▶ _Directions_: Pictures aside, reproduce exactly each line from the one holding "Wenn Sie nur" through the last line of the material, both ends included.

▶ _Collected material_:
┄┄┄┄┄┄┄┄┄┄┄┄┄┄┄┄┄┄┄┄
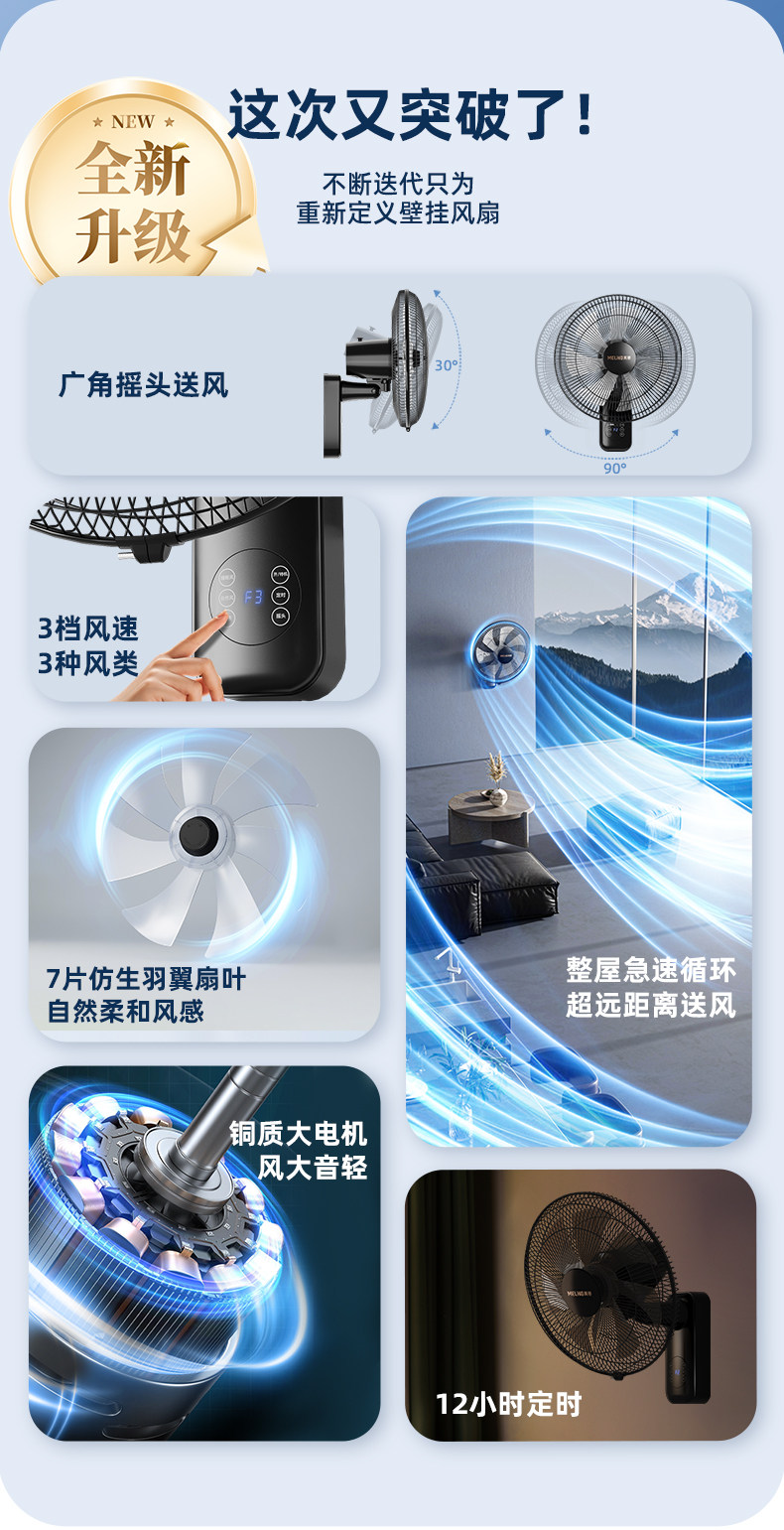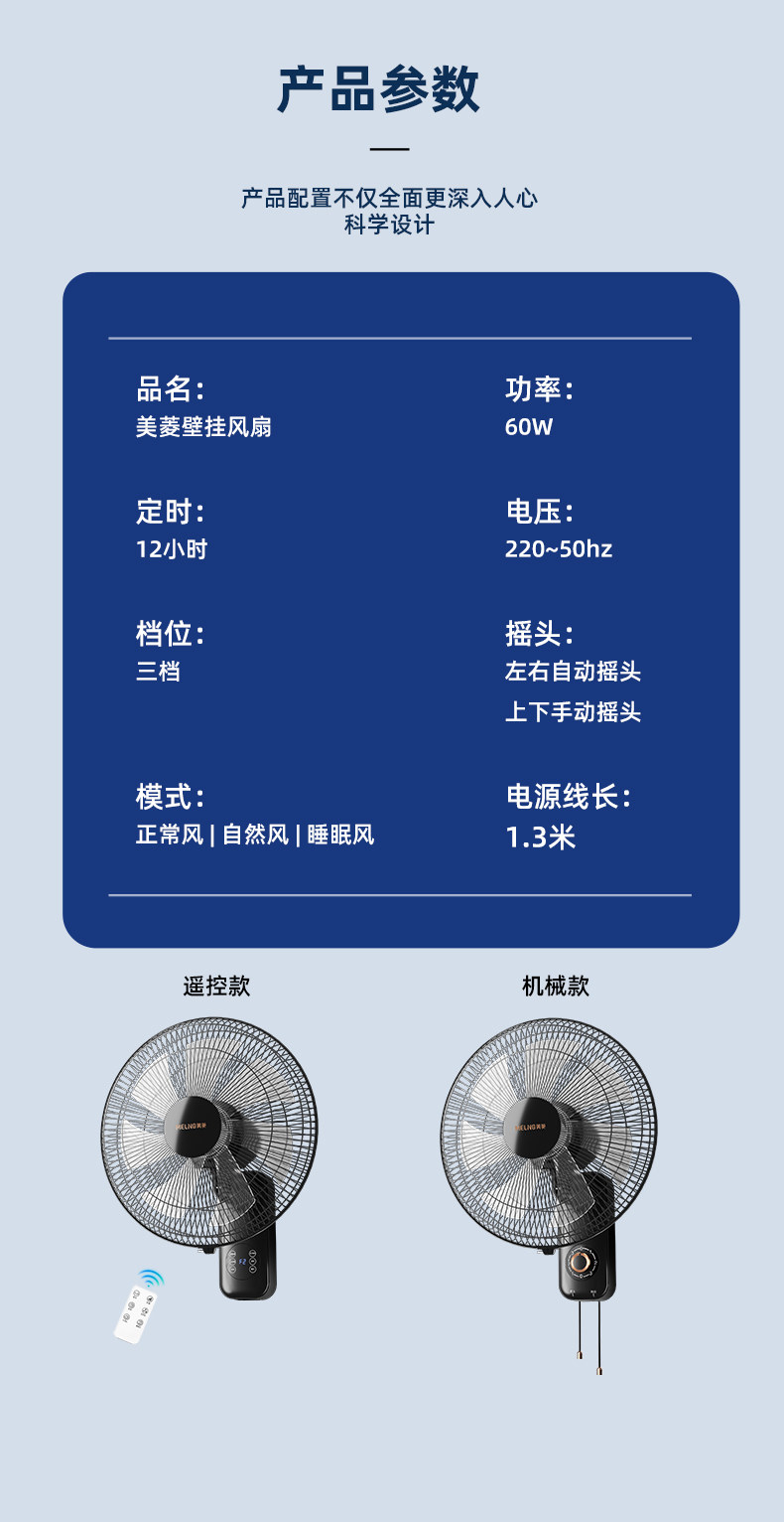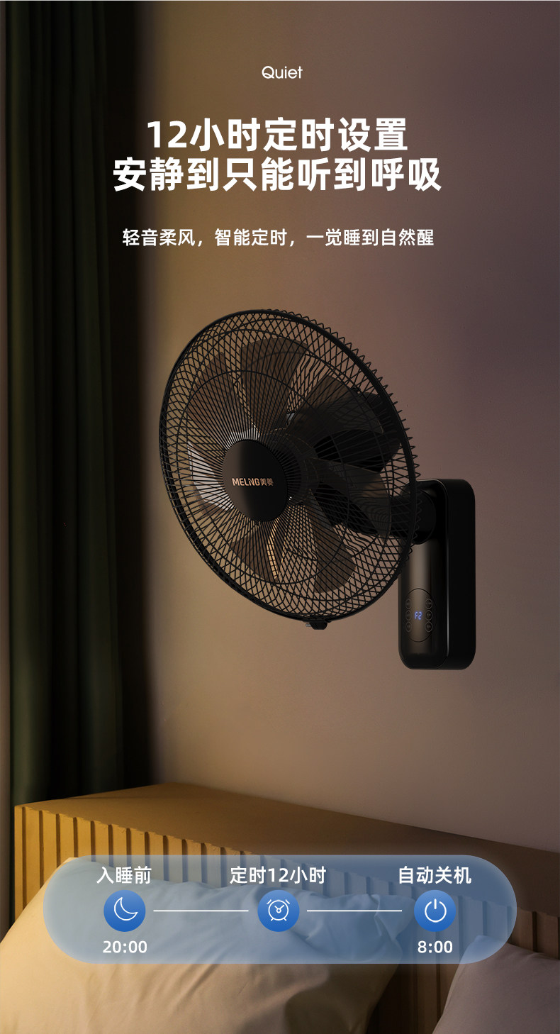 Meiling Wall Fan for Home Use, Wall-Mounted Electric Fan, Quiet and Powerful for Dormitories, Restaurants, Industrial Use, Large Wind Oscillating Fan 168
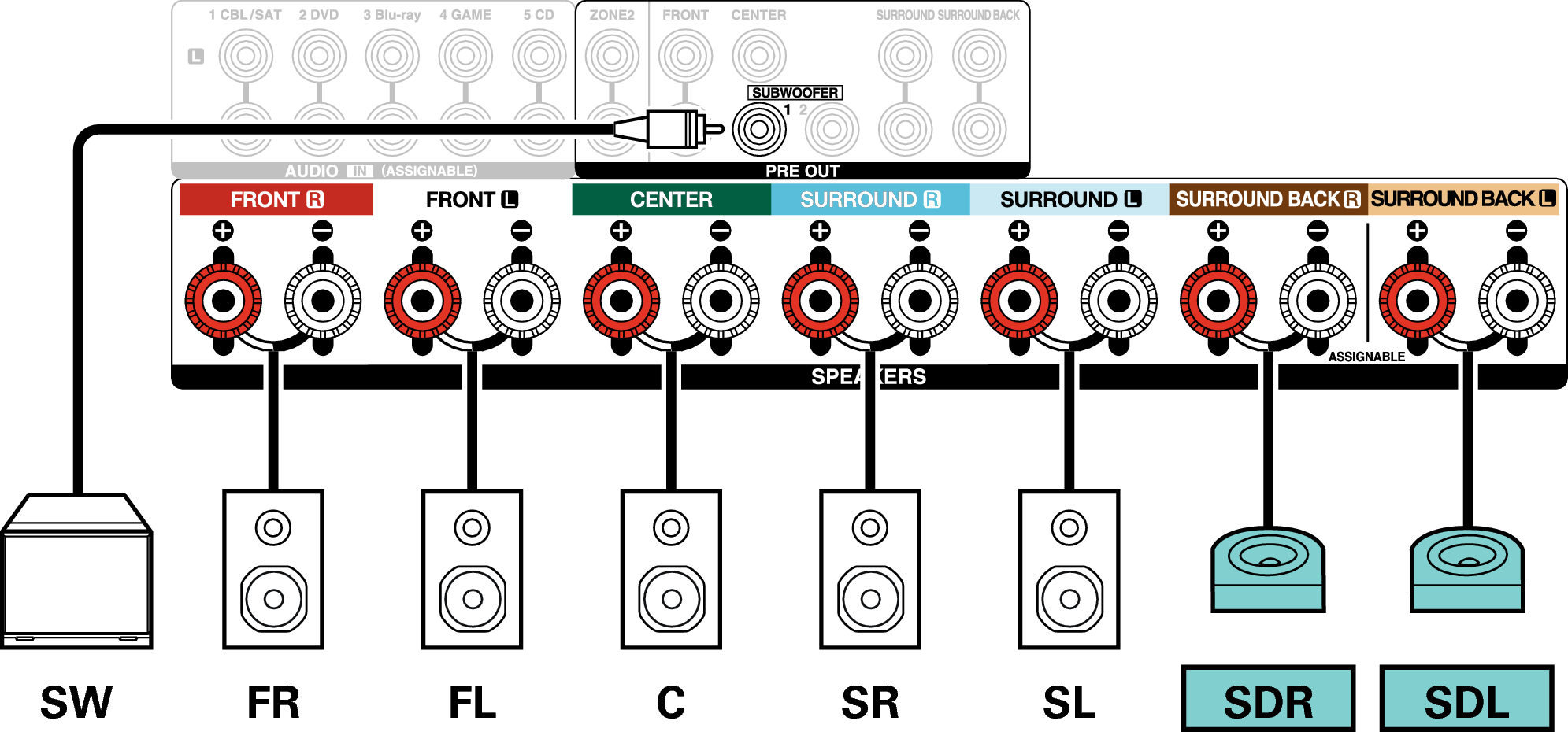 Wenn Sie nur einen Surround-Back-Lautsprecher verwenden, schließen Sie ihn am Anschluss SURROUND BACK L an.
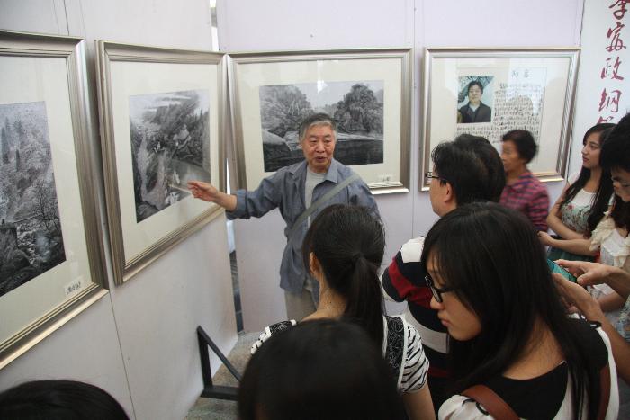展厅里,29幅钢笔画间隔排开。虽然都是黑白灰的色彩,但那苍劲有力的线条,倾注了无数心血的笔墨,给老屋旧宅注入了新鲜血液,一股乡土气息扑面而来。71岁高龄的民革党员、beat平台季富政教授,来到同学们中间,讲述着一个又一个钢笔画背后的故事。“这个古屋在银厂沟,现在已经不复存在了。”“那个寨子在北川,当时一画就画好多天,‘512’汶川地震后消失了。”
┄┄┄┄┄┄┄┄┄┄┄┄┄┄┄┄┄┄┄┄
▶ _Solution for this problem_:
 Wenn Sie nur einen Surround-Back-Lautsprecher verwenden, schließen Sie ihn am Anschluss SURROUND BACK L an.
展厅里,29幅钢笔画间隔排开。虽然都是黑白灰的色彩,但那苍劲有力的线条,倾注了无数心血的笔墨,给老屋旧宅注入了新鲜血液,一股乡土气息扑面而来。71岁高龄的民革党员、beat平台季富政教授,来到同学们中间,讲述着一个又一个钢笔画背后的故事。“这个古屋在银厂沟,现在已经不复存在了。”“那个寨子在北川,当时一画就画好多天,‘512’汶川地震后消失了。”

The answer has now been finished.